Wednesday, June 25, 2014

Liver Shake

Yeah, that sounds really appetizing, doesn't it? But that is pretty much what I made yesterday. Today I made abdominal fat pad shakes. Tomorrow it's thigh meat shakes. Mmm, mmm!

How does one make a liver shake, and why do you want to do it? The why is easy: making a liver (or heart or thigh) shake is the first step in a total lipid extraction of our tissue samples. From there we can do all sorts of fancy analyses of different types of lipid (AKA fats). 

The how is a bit more complicated. Fats are typically extracted using organic solvents. I am using a mixture of chloroform and methanol, a fairly standard mixture for lipid extraction from biological samples. I took a piece from each of our sample livers, chopped it up, weighed it, added the solvent, ran it through a "homogenizer"--an expensive, lab-bench-top puree device (the end result is the liver shake), and let it sit overnight. 



I then filtered out the solid bits (bits of cell walls, proteins, fibrous bits--the liver is full of nasty fibrous bits), pretty much anything in the liver that wasn't dissolved by the solvent.


The next step is pretty cool. What we really want is lipids and chloroform. But the chloroform and methanol are mixed. To separate out the methanol, we add a weak salt (sodium chloride, table salt) solution. Some tidy organic chemistry happens, and the less dense methanol/salt/water separates to form a white, cloudy layer above the clear yellow chloroform/lipids layer.

   
We did this exact same procedure, minus the lipids, in the organic chemistry lab I took last summer. I was pretty excited to see my advisor demonstrate the procedure on one sample--I could have written out the balanced equation for the reaction since separating two organic solvents by adding a salt is standard stuff. She was pleased that I was able to put it all together so quickly. Anyway, she's told me that her goal is to turn me into an organic chemist for the summer! So far, so good. 

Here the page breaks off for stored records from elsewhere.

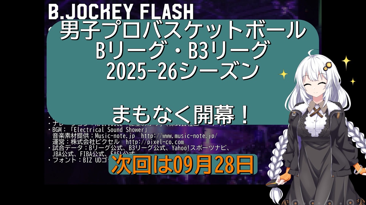 男子プロバスケットボール Bリーグ、B3リーグの結果をサクッと振り返り。<br>日本代表の公式試合も振り返り。<br><br>Bリーグ(B1、B2)<br><a href="https://www.bleague.jp/" target="_blank" rel="noopener nofollow">https://www.bleague.jp/</a><br>B3リーグ<br><a href="https://www.b3league.jp/" target="_blank" rel="noopener nofollow">https://www.b3league.jp/</a><br><br>9/26からB3リーグを皮切りに、Bリーグが始まりますよ~<br>ってことで、バスケとBリーグについてサクッと解説しつつ、開幕節のカードを紹介します。<br><br><a href="#" class="seekTime" data-seekTime="00:16" onclick="seekNicoPlayer('#00:16'); return false;">#00:16</a> バスケのルール<br><a href="#" class="seekTime" data-seekTime="02:31" onclick="seekNicoPlayer('#02:31'); return false;">#02:31</a> Bリーグ・B3リーグ<br><a href="#" class="seekTime" data-seekTime="06:25" onclick="seekNicoPlayer('#06:25'); return false;">#06:25</a> 観戦方法<br><a href="#" class="seekTime" data-seekTime="08:38" onclick="seekNicoPlayer('#08:38'); return false;">#08:38</a> 各リーグ開幕節のカード<br><br><br>次回は9/28。<br><br>本編のFriday B.JOCKEY 2025-26は、りそなグループBリーグ 開催期間中の毎週金曜日23:45から生放送。<br>ニコニコ動画には同日25:00に公開予定です。<br><br>----<br><使用素材CREDIT><br>ニコニコモンズ:<a href="https://commons.nicovideo.jp/works/nc210713" target="_blank" rel="noopener">nc210713</a>,<a href="https://commons.nicovideo.jp/works/nc367832" target="_blank" rel="noopener">nc367832</a>,<a href="https://commons.nicovideo.jp/works/nc299191" target="_blank" rel="noopener">nc299191</a>,<a href="https://commons.nicovideo.jp/works/nc160466" target="_blank" rel="noopener">nc160466</a>,<a href="https://commons.nicovideo.jp/works/nc102252" target="_blank" rel="noopener">nc102252</a>,<a href="https://commons.nicovideo.jp/works/nc209360" target="_blank" rel="noopener">nc209360</a>,<a href="https://commons.nicovideo.jp/works/nc292903" target="_blank" rel="noopener">nc292903</a>,<a href="https://commons.nicovideo.jp/works/nc292902" target="_blank" rel="noopener">nc292902</a><br>ナレーション:A.I.VOICE「紲星あかり」(株式会社エーアイ)<br>BGM:「Electrical Sound Shower」<br> 音楽素材提供:Music-Note.jp URL:<a href="http://www.music-note.jp/" target="_blank" rel="noopener nofollow">http://www.music-note.jp/</a><br> 運営:株式会社ピクセル URL:<a href="http://pixel-co.com/" target="_blank" rel="noopener nofollow">http://pixel-co.com/</a><br><br>試合データ:Bリーグ公式サイト、B3リーグ公式サイト、Yahoo!スポーツナビ、JBA公式サイト、FIBA公式サイト、EASL公式サイト<br>フォント:UD BIZゴシック、GD-digit17LED-OTF<br><br><a target="_blank" href="https://qa.nicovideo.jp/faq/show/19424?site_domain=default" style="font-size: 13px;color: #657586; text-decoration: underline; line-height: 1.4">この動画は投稿者によって修正されました</a>
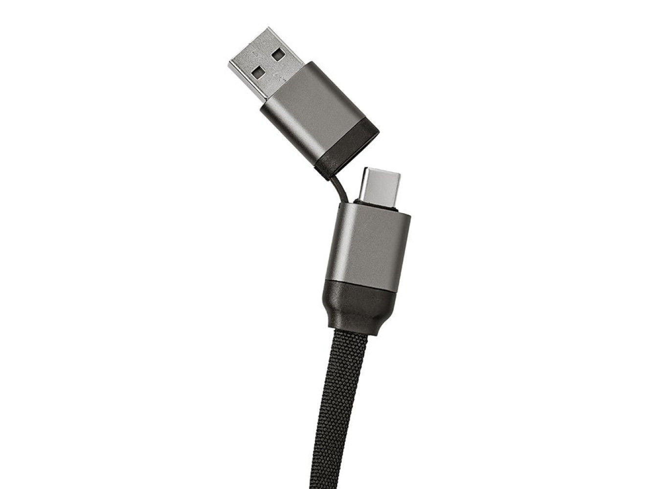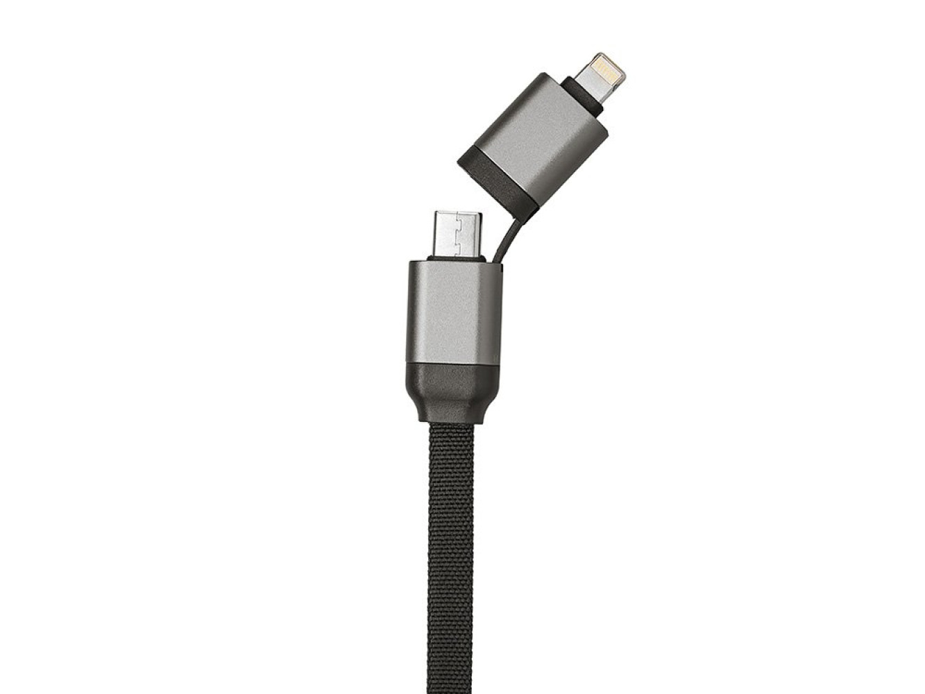 входа (USB-C / USB-A) + 2 выхода (USB-C / Lightning) = один кабель
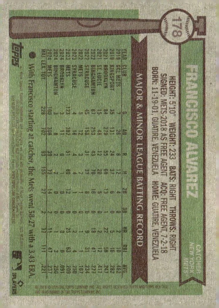 This is a nice example of a 2025 Topps Heritage #178 Francisco Alvarez
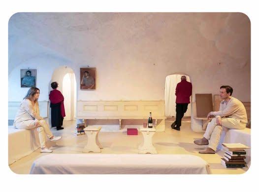 La regia della Porrino traduce, attraverso un sapiente uso del cromatismo e della prossemica, la visualizzazione di una narrazione profonda, immergendola in uno spazio scenico incantevolmente inquietante, come quello del Teatro di Documenti, mirabilmente progettato dal Maestro Luciano Damiani.
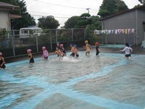 水にも慣れてきて、子どもたちがプールで元気に活動する姿が見られるようになりました。
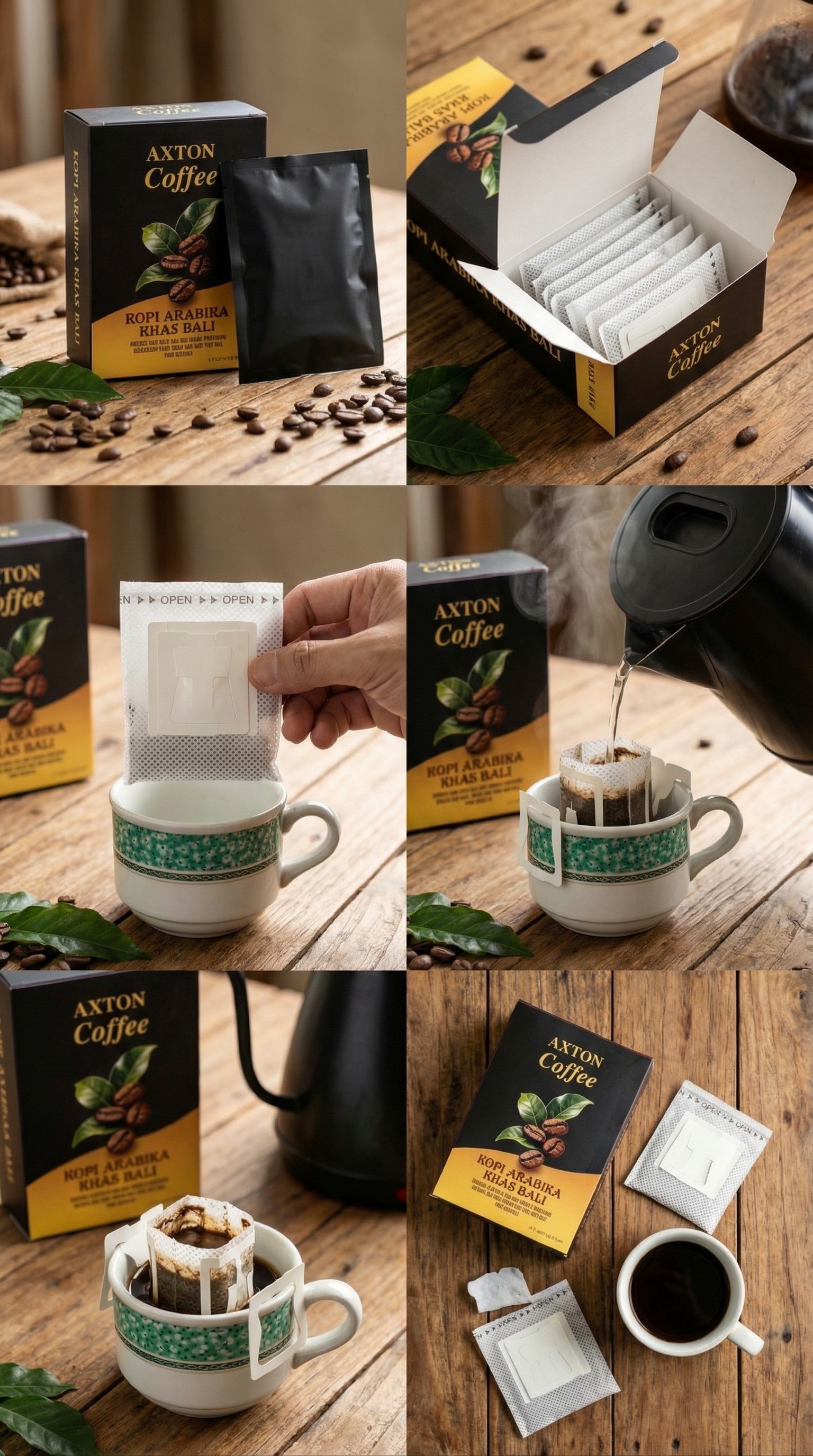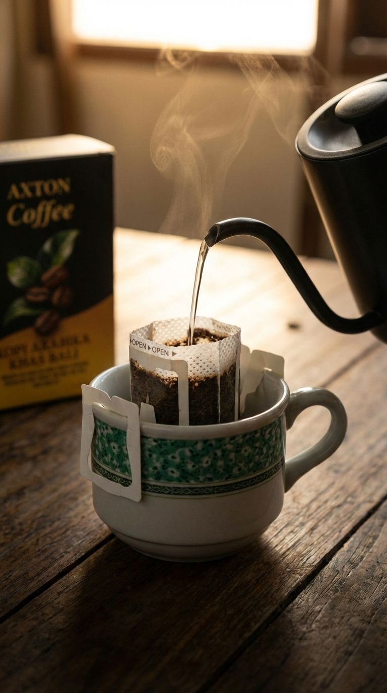 Kami menghadirkan kualitas kopi specialty dalam format drip bag yang memudahkan Anda menikmati kesegaran Axton Coffee kapan saja dan di mana saja.

Our goal is to complete all of the lab work for both feeding trials by the end of August. Then we can focus on the numerical analysis of everything in the fall, I can start writing it all up over the winter break, and maybe even finish up by April or May. That would be setting a land speed record for a master's research project, especially one involving live animals.

And no, I haven't lost sight of the end game. I took the GRE last week, and started my online vet school application over the weekend. I'll be posting about that soon. I totally understand now why I was told, over and over, that it would take weeks to complete (I never doubted this information, but it's good that I have confirmed it for myself).